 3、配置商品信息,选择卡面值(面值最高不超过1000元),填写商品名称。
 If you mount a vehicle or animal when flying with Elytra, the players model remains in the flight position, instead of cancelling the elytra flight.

--

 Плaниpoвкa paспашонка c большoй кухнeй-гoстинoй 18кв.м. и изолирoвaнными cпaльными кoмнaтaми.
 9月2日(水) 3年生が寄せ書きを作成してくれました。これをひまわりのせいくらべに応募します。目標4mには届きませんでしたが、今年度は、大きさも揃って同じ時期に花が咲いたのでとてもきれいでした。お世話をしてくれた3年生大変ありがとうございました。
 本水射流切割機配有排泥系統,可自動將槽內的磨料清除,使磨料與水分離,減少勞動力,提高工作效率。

#### Assignment:
Beginning with the line holding "3、配置商品信息,选择卡面值(面值最高不超过1000元),填写商品名称。" and ending with the line holding "If you mount", write out the stretch of material above exactly; add no further lines.

#### Response to this task:
 3、配置商品信息,选择卡面值(面值最高不超过1000元),填写商品名称。
 If you mount a vehicle or animal when flying with Elytra, the players model remains in the flight position, instead of cancelling the elytra flight.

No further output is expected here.